:: WHAT IS BEING ASKED ::
Copy exactly the lines of the data below that run from the line holding "Complétez votre garde-robe" through the line holding "中国教育报-中国教育新闻网讯(记者 任朝霞 通讯员", both ends included.

:: DATA PROVIDED ::
# # # #

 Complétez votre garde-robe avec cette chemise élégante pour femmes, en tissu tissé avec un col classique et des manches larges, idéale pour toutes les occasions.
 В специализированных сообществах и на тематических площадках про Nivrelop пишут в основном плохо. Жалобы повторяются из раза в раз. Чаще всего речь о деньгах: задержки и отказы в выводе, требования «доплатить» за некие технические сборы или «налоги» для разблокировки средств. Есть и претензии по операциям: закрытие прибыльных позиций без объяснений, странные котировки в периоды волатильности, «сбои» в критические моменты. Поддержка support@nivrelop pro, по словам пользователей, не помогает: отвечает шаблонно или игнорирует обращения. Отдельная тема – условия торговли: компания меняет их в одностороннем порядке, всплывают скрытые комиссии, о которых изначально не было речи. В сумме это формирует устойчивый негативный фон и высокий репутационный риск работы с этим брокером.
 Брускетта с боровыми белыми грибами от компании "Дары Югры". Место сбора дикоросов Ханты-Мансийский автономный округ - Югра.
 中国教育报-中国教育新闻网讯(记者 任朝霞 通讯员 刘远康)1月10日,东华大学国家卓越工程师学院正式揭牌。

# # # #

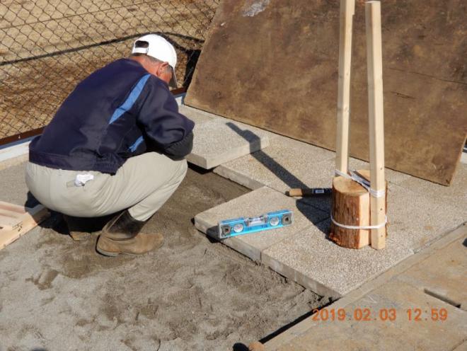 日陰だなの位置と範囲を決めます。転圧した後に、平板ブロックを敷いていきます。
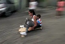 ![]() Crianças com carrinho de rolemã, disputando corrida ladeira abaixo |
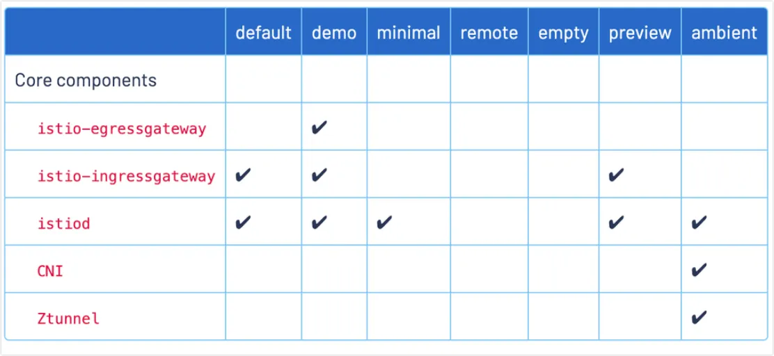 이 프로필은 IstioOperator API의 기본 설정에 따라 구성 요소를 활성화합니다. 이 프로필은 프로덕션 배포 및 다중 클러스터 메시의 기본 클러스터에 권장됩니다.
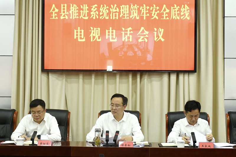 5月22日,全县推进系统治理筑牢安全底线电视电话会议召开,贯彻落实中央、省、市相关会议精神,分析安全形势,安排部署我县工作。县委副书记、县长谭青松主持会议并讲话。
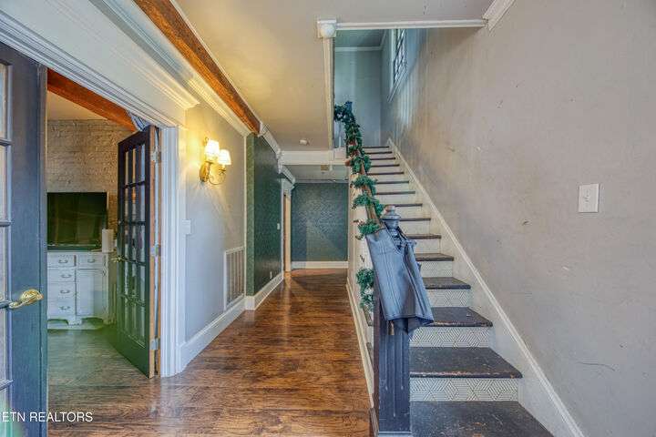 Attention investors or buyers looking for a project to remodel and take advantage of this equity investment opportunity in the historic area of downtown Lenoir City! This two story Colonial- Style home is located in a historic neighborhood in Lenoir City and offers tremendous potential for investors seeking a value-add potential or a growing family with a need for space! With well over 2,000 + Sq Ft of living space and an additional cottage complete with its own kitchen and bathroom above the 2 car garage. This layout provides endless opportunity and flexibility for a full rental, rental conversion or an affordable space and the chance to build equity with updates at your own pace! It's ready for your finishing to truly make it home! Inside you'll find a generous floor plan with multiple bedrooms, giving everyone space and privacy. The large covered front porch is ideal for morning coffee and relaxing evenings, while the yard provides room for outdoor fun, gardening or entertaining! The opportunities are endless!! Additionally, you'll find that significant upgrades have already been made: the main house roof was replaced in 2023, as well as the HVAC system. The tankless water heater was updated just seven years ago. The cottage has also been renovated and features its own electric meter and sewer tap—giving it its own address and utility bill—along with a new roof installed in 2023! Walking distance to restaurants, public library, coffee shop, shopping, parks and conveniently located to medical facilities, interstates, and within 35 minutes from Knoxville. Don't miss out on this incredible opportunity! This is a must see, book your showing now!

# # # #

:: EXPECTED ANSWER ::
 Complétez votre garde-robe avec cette chemise élégante pour femmes, en tissu tissé avec un col classique et des manches larges, idéale pour toutes les occasions.
 В специализированных сообществах и на тематических площадках про Nivrelop пишут в основном плохо. Жалобы повторяются из раза в раз. Чаще всего речь о деньгах: задержки и отказы в выводе, требования «доплатить» за некие технические сборы или «налоги» для разблокировки средств. Есть и претензии по операциям: закрытие прибыльных позиций без объяснений, странные котировки в периоды волатильности, «сбои» в критические моменты. Поддержка support@nivrelop pro, по словам пользователей, не помогает: отвечает шаблонно или игнорирует обращения. Отдельная тема – условия торговли: компания меняет их в одностороннем порядке, всплывают скрытые комиссии, о которых изначально не было речи. В сумме это формирует устойчивый негативный фон и высокий репутационный риск работы с этим брокером.
 Брускетта с боровыми белыми грибами от компании "Дары Югры". Место сбора дикоросов Ханты-Мансийский автономный округ - Югра.
 中国教育报-中国教育新闻网讯(记者 任朝霞 通讯员 刘远康)1月10日,东华大学国家卓越工程师学院正式揭牌。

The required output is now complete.